What you should do:
In the data below, find the line containing "Cartão de agradecimento"; transcribe it and each line after it exactly, through the last, skipping pictures.

Data segment:

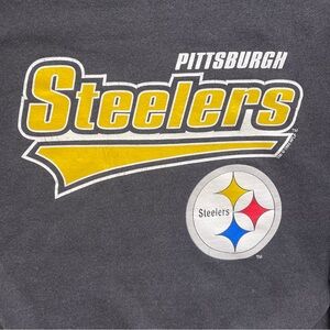 Vintage Starter Pittsburgh Steelers crewneck sweatshirt, Made in USA. Classic front logo + Starter sleeve tag. Black has an even fade to a charcoal/grey. Light crackle on part of the graphic.
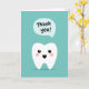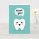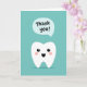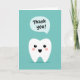 Cartão de agradecimento dental que pode ser usado para agradecer seu dentista ou qualquer pessoa que trabalhe com saúde bucal. O cartão apresenta um dente pequeno branco e feliz com um balão de fala dizendo "Obrigado" em um fundo azul turquesa. Texto personalizável dentro: Obrigado por manter nossos dentes saudáveis!
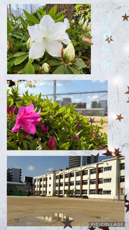 桜が散ったあとのツツジ、これから校舎前にサツキが咲き乱れます。このように校内では一年中、さまざまなお花が咲き、季節感を楽しめます。
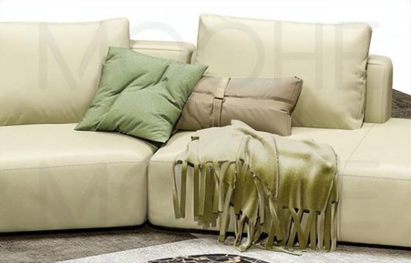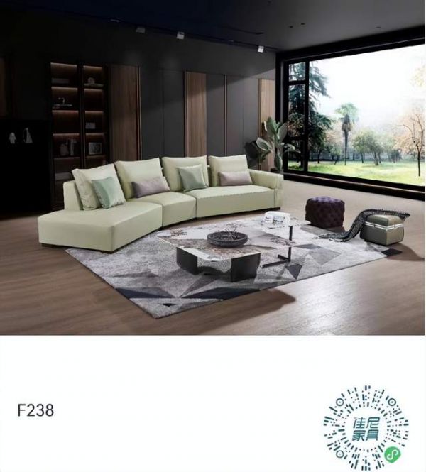 F238沙发,“摩登旷野”系列的代表作之一。沙发以棕绿为底色,运用皮带和流苏元素,碰撞出属于现代生活里的原始与野性。柔和的线条和饱满的触感,又在野性洒脱中揉入了现代式优雅。别出心裁的钻石转角设计,简洁大气,突显着主人随性、时尚的生活主张,传递着令人愉悦的居家舒适感。搭配进口岩板打造的茶几,磅礴浑厚的自然纹理交错,将不拘传统的自然气息注入现代生活。

Response below:
 Cartão de agradecimento dental que pode ser usado para agradecer seu dentista ou qualquer pessoa que trabalhe com saúde bucal. O cartão apresenta um dente pequeno branco e feliz com um balão de fala dizendo "Obrigado" em um fundo azul turquesa. Texto personalizável dentro: Obrigado por manter nossos dentes saudáveis!
 桜が散ったあとのツツジ、これから校舎前にサツキが咲き乱れます。このように校内では一年中、さまざまなお花が咲き、季節感を楽しめます。
 F238沙发,“摩登旷野”系列的代表作之一。沙发以棕绿为底色,运用皮带和流苏元素,碰撞出属于现代生活里的原始与野性。柔和的线条和饱满的触感,又在野性洒脱中揉入了现代式优雅。别出心裁的钻石转角设计,简洁大气,突显着主人随性、时尚的生活主张,传递着令人愉悦的居家舒适感。搭配进口岩板打造的茶几,磅礴浑厚的自然纹理交错,将不拘传统的自然气息注入现代生活。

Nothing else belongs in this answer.